There's a number of reasons why training to failure consistently doesn't make sense in the long term.

1. You’re more likely to get injured. When you’re injured, you can’t train properly, and that could mean you ultimately end up losing muscle as a consequence of spending time out of the gym. Training to failure is very demanding on the body & by constantly pushing yourself to your absolute limits, the risk of injury naturally becomes far higher. 

2. Going to failure is MASSIVELY demanding on your central nervous system. Central nervous system fatigue is rather debilitating, and will drastically affect your ability to perform in the gym in addition to your ability to recover. Consistently going to failure when you train will contribute to far more central nervous system fatigue. 

3. Training to failure is not necessary for building muscle. You need to stimulate, not annihilate - the driving force behind building muscle is progressive overload (lifting more and more total training volume over time). You don't need to be consistently going to failure in order for this to happen. Plus, how do you continue increasing volume over time after you've reached failure a few times? How can you possibly hope to continue doing more than failing? You'll inevitably end up seeing a reduction in training volume because you can't possibly continue to lift 'more'. 

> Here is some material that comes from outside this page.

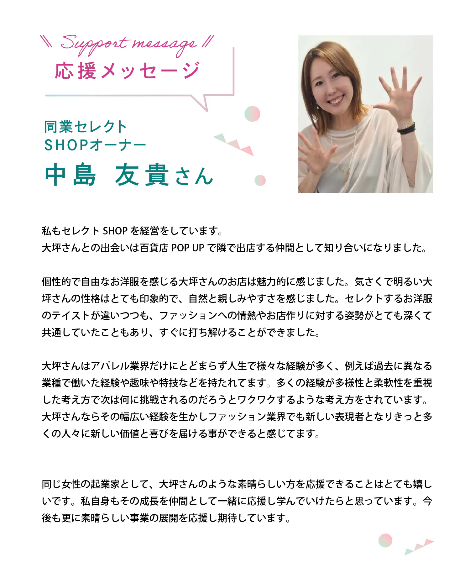 さらに、支援者の皆様と直接交流できる機会として、ファッションやEC運営に関する勉強会を開催したいと考えています。私たちが得た経験や知識を共有し、皆様の支援にお応えできるよう、学びの場も提供していきたいです。どうぞ応援よろしくお願いいたします!

4. It's likely you'll allow poorer execution to bleed into your workouts. Perhaps not something that is necessarily going to happen, however there's certainly a greater risk of your form deteriorating when consistently going to failure, and that could mean you struggle to target the specific muscles in question (the ones that you're actually trying to target).

5. While your muscles may take a pounding on a set where you go to failure, your joints and tendons do too. Going consistently to failure all the time is a surefire way to leave you with pains, sprains and strains. Ever had Golfers Elbow or Tennis Elbow or any pain in your elbow? That's an overuse injury, and we'd prefer you avoided those. 

6. You’ll eat into your recovery. You can only build muscle/ gain strength/ lose fat as fast as you can recover. If you’re consistently destroying yourself and going to failure every time you train, your recovery is going to go way down which in turn will affect your performance. 

7. You hit plateaus far sooner. Getting stronger consistently requires sub-maximal training. If you’re always training maximally, you’re going to be stagnant for far longer, as there's simply no room for improvement or progression when you're constantly pushing your limits.